Analysis: y=kx-2k+6=k(x-2)+6, so it passed the fixed point (2,6).

(2) Solution:

M(6, y) can be set from (1).

tan∠QOM = tan(∠QOx-∠MOx)=(tan∠QOx-tan∠MOx)÷( 1+tan∠QOx×tan∠MOx)

=(6÷2-y÷6)÷( 1+6÷2×y÷6)= tan 45 = 1

Solution, y=3

∴M(6,3)

Formula (y-3)÷(x-6)=(3-6)÷(6-2) from two points.

The equation of line QM is 3x+4y-30=0.

(3)/* ∠AEO = 45, and the angle is certain, so point E can be regarded as a point on the arc, and ∠AEO is the circumferential angle of the arc, and ∠ AEO's central angle is 90 */

By the known A (6 6,0), B (0,6), C (0,3)

Let the midpoint N (3,0) of AO intersect with N as the vertical line L of AO, and take a point D above the first quadrant L, so that DN=AN, then ∠ ODA = 90, then E is on a circle with D (3,3) as the center and DA length of 3√2 as the radius in the first quadrant.

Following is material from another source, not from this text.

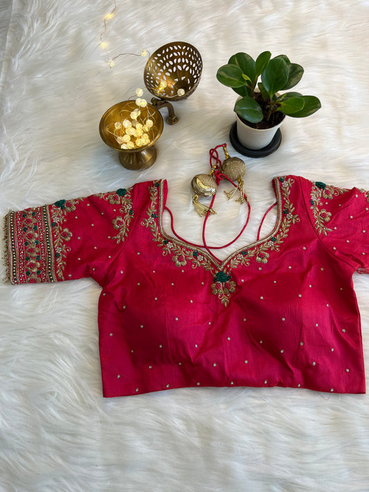 Rani Pink Bridal Zardozi Blouse - Luxurious Raw Silk Fusion for an Unforgettable Wedding

/* Take a point f on ⊙D and connect CF, CD and FD, then CF≤FD+CD. When f is on the extension line of CD, the equal sign holds */

Then when E is located on the extension line of CD, CE is the longest, and CE(max)=3+3√2.

I am a high school student. If the method doesn't suit you, you can ask. I didn't know how to do congruence and auxiliary lines, but I thought of adding them again.